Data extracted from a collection
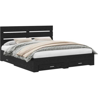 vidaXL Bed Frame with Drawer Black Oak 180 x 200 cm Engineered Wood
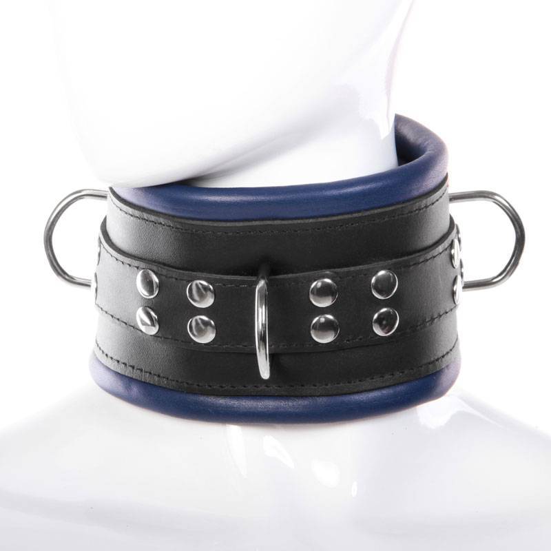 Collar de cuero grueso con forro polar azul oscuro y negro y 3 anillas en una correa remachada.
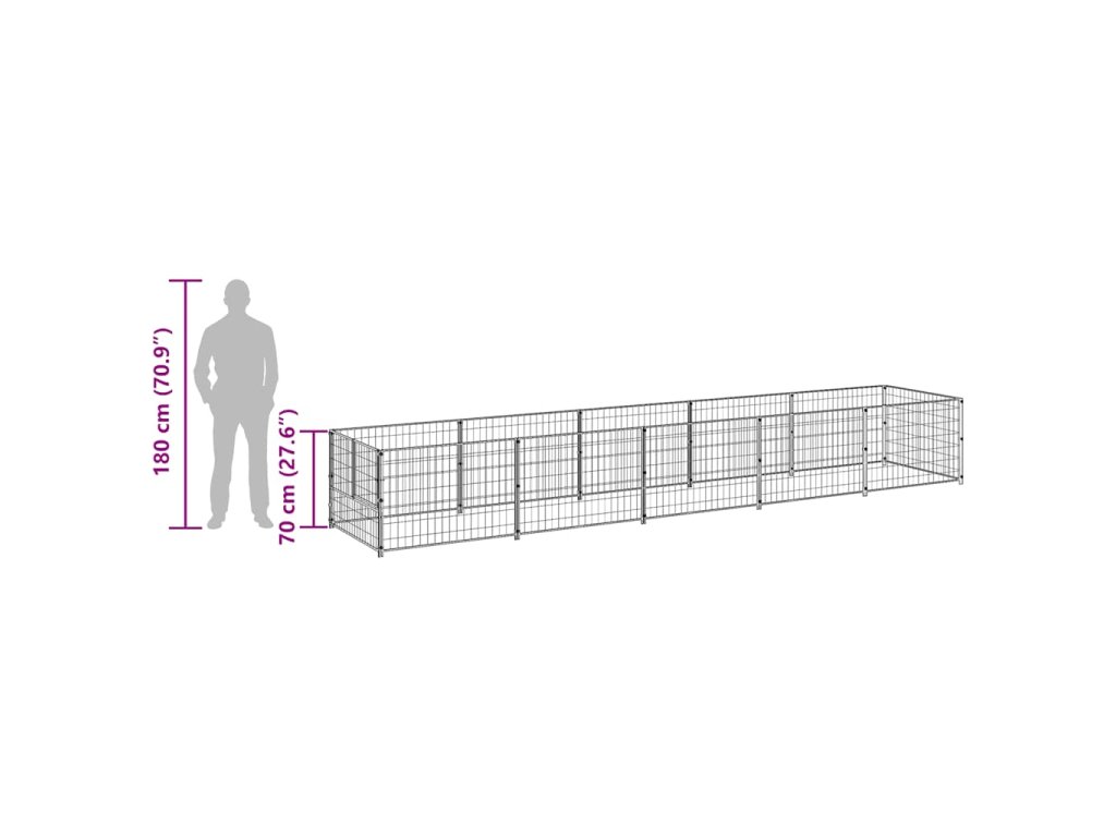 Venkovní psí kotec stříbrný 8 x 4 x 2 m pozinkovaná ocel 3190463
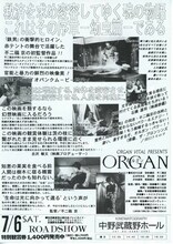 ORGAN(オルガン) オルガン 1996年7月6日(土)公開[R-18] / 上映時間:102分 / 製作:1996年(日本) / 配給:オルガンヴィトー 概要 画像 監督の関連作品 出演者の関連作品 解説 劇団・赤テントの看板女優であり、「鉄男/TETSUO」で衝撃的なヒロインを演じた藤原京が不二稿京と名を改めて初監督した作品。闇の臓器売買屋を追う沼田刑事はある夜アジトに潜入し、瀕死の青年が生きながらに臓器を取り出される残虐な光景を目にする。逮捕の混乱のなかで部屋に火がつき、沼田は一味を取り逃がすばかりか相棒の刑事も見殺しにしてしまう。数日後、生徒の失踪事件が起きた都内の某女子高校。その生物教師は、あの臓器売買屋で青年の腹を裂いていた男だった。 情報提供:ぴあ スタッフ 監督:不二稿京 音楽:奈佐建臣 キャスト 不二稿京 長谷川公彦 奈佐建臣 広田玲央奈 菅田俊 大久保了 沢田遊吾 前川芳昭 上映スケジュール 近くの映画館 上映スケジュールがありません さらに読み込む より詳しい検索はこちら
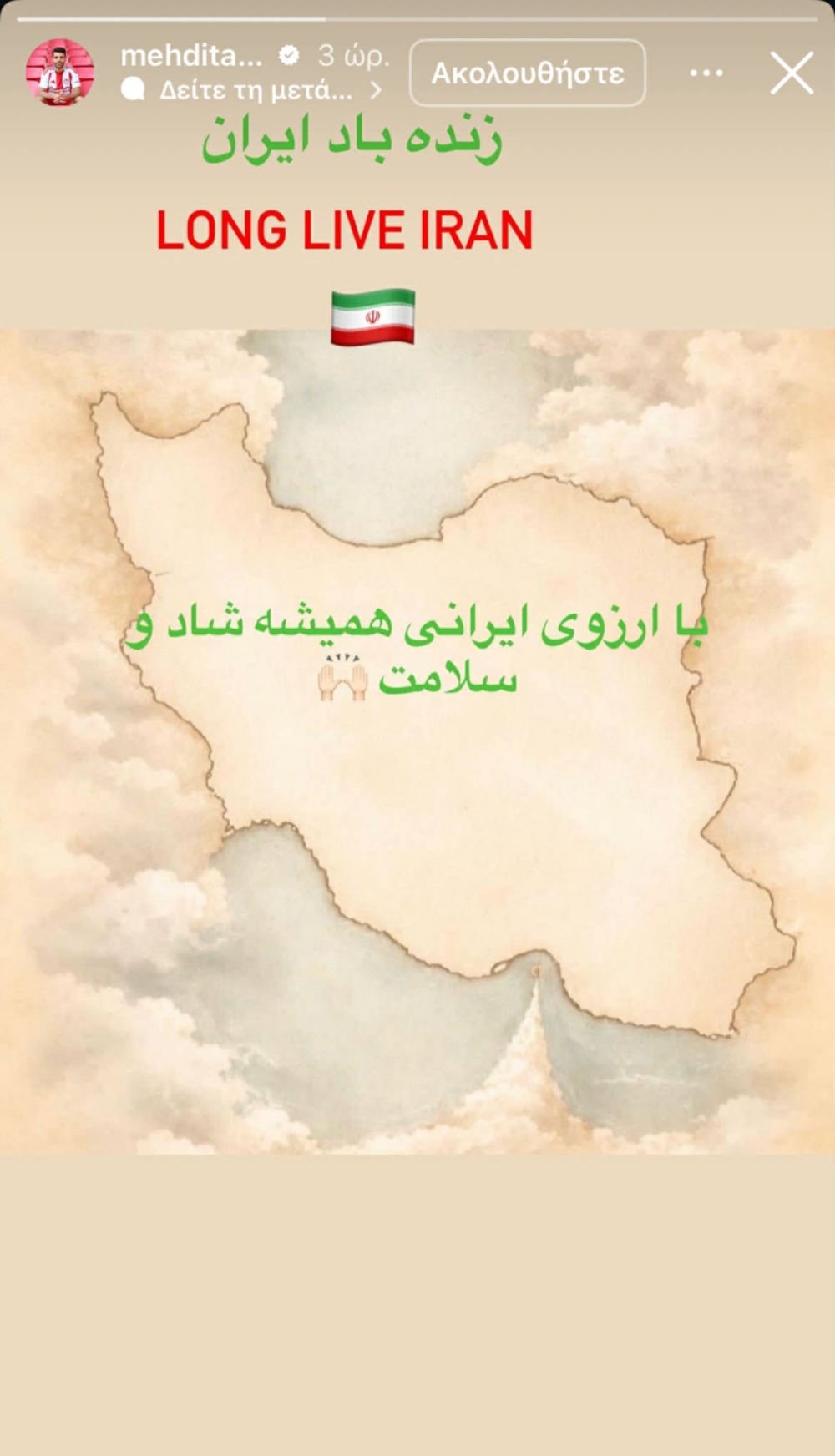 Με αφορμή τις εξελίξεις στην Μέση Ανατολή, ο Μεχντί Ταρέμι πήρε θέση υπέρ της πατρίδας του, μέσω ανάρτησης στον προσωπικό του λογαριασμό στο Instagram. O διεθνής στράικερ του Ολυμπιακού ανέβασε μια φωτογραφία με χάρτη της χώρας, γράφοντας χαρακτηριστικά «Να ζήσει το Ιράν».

* PROBLEM DETAILS
When you reach the line that contains "Collar de cuero" in the records above, copy it and every line after it exactly through the last one, leaving out the pictures.

* RESPONSE
 Collar de cuero grueso con forro polar azul oscuro y negro y 3 anillas en una correa remachada.
 Venkovní psí kotec stříbrný 8 x 4 x 2 m pozinkovaná ocel 3190463
 ORGAN(オルガン) オルガン 1996年7月6日(土)公開[R-18] / 上映時間:102分 / 製作:1996年(日本) / 配給:オルガンヴィトー 概要 画像 監督の関連作品 出演者の関連作品 解説 劇団・赤テントの看板女優であり、「鉄男/TETSUO」で衝撃的なヒロインを演じた藤原京が不二稿京と名を改めて初監督した作品。闇の臓器売買屋を追う沼田刑事はある夜アジトに潜入し、瀕死の青年が生きながらに臓器を取り出される残虐な光景を目にする。逮捕の混乱のなかで部屋に火がつき、沼田は一味を取り逃がすばかりか相棒の刑事も見殺しにしてしまう。数日後、生徒の失踪事件が起きた都内の某女子高校。その生物教師は、あの臓器売買屋で青年の腹を裂いていた男だった。 情報提供:ぴあ スタッフ 監督:不二稿京 音楽:奈佐建臣 キャスト 不二稿京 長谷川公彦 奈佐建臣 広田玲央奈 菅田俊 大久保了 沢田遊吾 前川芳昭 上映スケジュール 近くの映画館 上映スケジュールがありません さらに読み込む より詳しい検索はこちら
 Με αφορμή τις εξελίξεις στην Μέση Ανατολή, ο Μεχντί Ταρέμι πήρε θέση υπέρ της πατρίδας του, μέσω ανάρτησης στον προσωπικό του λογαριασμό στο Instagram. O διεθνής στράικερ του Ολυμπιακού ανέβασε μια φωτογραφία με χάρτη της χώρας, γράφοντας χαρακτηριστικά «Να ζήσει το Ιράν».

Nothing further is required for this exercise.